Output the data below only from the line containing "Drucksache 19/1465 Schleswig-Holsteinischer" up to and including the line containing "Orange Vest with", exact and with the pictures left out.

MATERIAL FOR THIS EXERCISE:
BEGIN

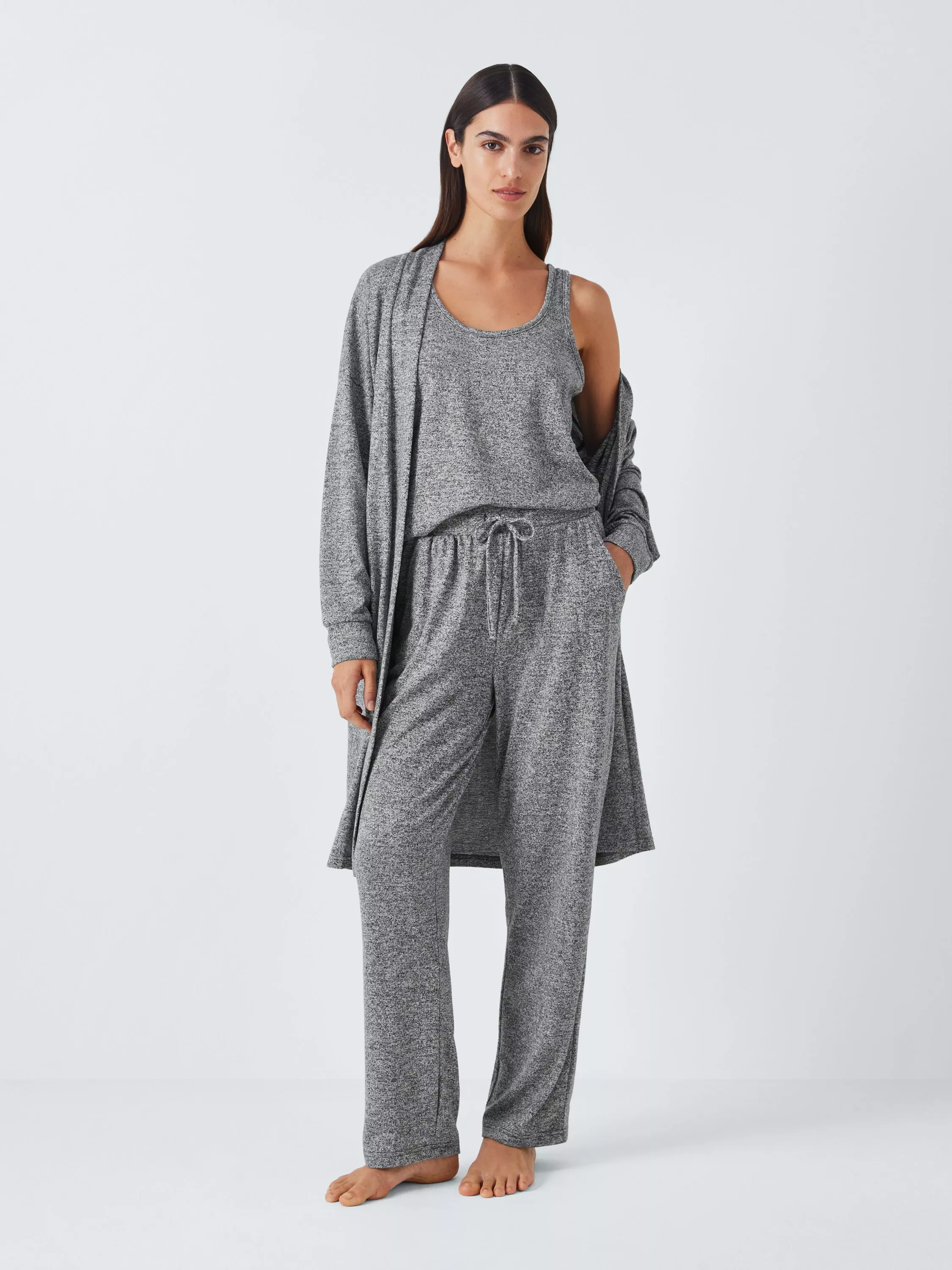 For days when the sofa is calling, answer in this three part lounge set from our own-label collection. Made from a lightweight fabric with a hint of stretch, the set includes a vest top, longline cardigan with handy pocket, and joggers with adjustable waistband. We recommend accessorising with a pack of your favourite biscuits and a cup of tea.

END
BEGIN

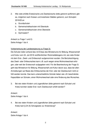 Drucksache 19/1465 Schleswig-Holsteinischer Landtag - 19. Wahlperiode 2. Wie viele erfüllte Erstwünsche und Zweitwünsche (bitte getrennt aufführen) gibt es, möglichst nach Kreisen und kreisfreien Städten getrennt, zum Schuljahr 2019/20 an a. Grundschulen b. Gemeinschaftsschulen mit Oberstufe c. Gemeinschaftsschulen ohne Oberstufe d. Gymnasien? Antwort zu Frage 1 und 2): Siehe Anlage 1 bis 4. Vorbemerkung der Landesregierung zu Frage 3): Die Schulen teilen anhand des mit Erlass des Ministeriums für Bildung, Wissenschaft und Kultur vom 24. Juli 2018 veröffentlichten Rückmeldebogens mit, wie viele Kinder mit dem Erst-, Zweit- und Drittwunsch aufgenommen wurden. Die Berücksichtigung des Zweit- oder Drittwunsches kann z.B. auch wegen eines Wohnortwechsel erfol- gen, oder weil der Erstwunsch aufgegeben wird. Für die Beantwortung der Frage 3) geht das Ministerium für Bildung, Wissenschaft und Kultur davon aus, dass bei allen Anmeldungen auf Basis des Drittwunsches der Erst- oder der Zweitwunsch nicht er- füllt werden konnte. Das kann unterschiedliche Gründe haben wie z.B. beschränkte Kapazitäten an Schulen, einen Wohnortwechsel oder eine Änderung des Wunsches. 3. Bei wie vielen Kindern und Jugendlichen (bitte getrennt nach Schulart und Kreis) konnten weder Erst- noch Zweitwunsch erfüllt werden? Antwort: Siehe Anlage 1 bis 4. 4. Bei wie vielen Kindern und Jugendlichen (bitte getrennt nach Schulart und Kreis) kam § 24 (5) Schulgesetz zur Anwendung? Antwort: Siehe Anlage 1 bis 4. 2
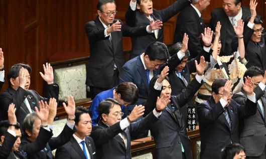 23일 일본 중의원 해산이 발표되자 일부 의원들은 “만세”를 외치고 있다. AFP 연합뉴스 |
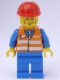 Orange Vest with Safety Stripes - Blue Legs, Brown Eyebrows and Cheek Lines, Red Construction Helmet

END

REPLY:
 Drucksache 19/1465 Schleswig-Holsteinischer Landtag - 19. Wahlperiode 2. Wie viele erfüllte Erstwünsche und Zweitwünsche (bitte getrennt aufführen) gibt es, möglichst nach Kreisen und kreisfreien Städten getrennt, zum Schuljahr 2019/20 an a. Grundschulen b. Gemeinschaftsschulen mit Oberstufe c. Gemeinschaftsschulen ohne Oberstufe d. Gymnasien? Antwort zu Frage 1 und 2): Siehe Anlage 1 bis 4. Vorbemerkung der Landesregierung zu Frage 3): Die Schulen teilen anhand des mit Erlass des Ministeriums für Bildung, Wissenschaft und Kultur vom 24. Juli 2018 veröffentlichten Rückmeldebogens mit, wie viele Kinder mit dem Erst-, Zweit- und Drittwunsch aufgenommen wurden. Die Berücksichtigung des Zweit- oder Drittwunsches kann z.B. auch wegen eines Wohnortwechsel erfol- gen, oder weil der Erstwunsch aufgegeben wird. Für die Beantwortung der Frage 3) geht das Ministerium für Bildung, Wissenschaft und Kultur davon aus, dass bei allen Anmeldungen auf Basis des Drittwunsches der Erst- oder der Zweitwunsch nicht er- füllt werden konnte. Das kann unterschiedliche Gründe haben wie z.B. beschränkte Kapazitäten an Schulen, einen Wohnortwechsel oder eine Änderung des Wunsches. 3. Bei wie vielen Kindern und Jugendlichen (bitte getrennt nach Schulart und Kreis) konnten weder Erst- noch Zweitwunsch erfüllt werden? Antwort: Siehe Anlage 1 bis 4. 4. Bei wie vielen Kindern und Jugendlichen (bitte getrennt nach Schulart und Kreis) kam § 24 (5) Schulgesetz zur Anwendung? Antwort: Siehe Anlage 1 bis 4. 2
 23일 일본 중의원 해산이 발표되자 일부 의원들은 “만세”를 외치고 있다. AFP 연합뉴스 |
 Orange Vest with Safety Stripes - Blue Legs, Brown Eyebrows and Cheek Lines, Red Construction Helmet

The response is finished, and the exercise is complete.